TFF: What is the Blue Ocean Mariculture approach for helping the industry move forward?

BOM: We work every day to have as little of an impact on the environment and other marine life. We also are growing a fish that is native to the waters of Hawai’i.

TFF: What is your biggest pain point when choosing farmed fish? 

BOM: We can’t catch enough fish to satisfy the health needs of our communities. Responsibly raised seafood is the best alternative to provide that.

TFF: How has the aquaculture industry changed over the last decade to bring consumers better product?

BOM: There has been a tremendous amount of scrutiny on the aquaculture industry from major buyers and governmental agencies that has eliminated most of the bad actors.  

TFF: What is your favorite farmed fish dish? How do you like it to be cooked?

BOM: Some of my favorite meals have been eating sushi as a teenager visiting Japanese restaurants in downtown Los Angeles. Now I get to be involved with the most sustainable, best tasting sushi, grown in the US – Hawaiian Kanpachi sashimi, nigiri, rolls, etc.

TFF: From which producers would you gladly eat their farmed fish?

BOM: I’m a big fan of farm-raised Idaho trout and many of the European farmed salmon operations.

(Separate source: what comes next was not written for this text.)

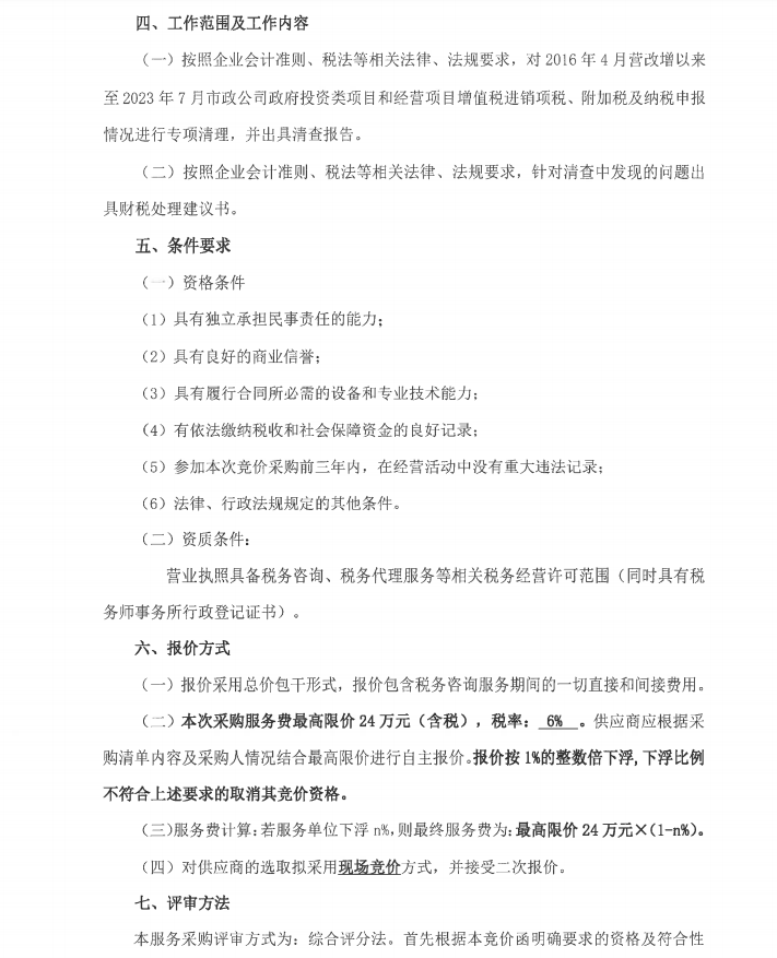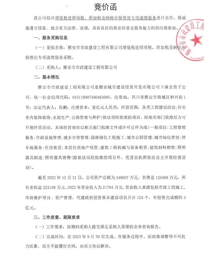 增值稅進銷項稅、附加稅及納稅申報情況專項清理服務競價公告

I love all types of Pacific Northwest clams, mussels, and oysters which are almost exclusively farmed, as well as farmed organic white shrimp from Ecuador. 

TFF: Where can consumers find your product?

BOM: Hawaiian kanpachi is available for home delivery from Honolulu Fish Company

You can also find our kanpachi at sustainably-minded restaurants like Bamboo Sushi, Pacific Catch, Sugarfish, and many others. Lastly, we are developing plans to sell directly into grocery stores, so keep an eye out for us!

TFF: What resources do you recommend for consumers to do more of their own research?

BOM: I’d recommend people look at the information available from Seafood Nutrition Partnership, their tips to help get kids to eat more fish is excellent. Another good one is SeaPact, an industry-based grant program involved with a lot of seafood sustainability project, and their member companies.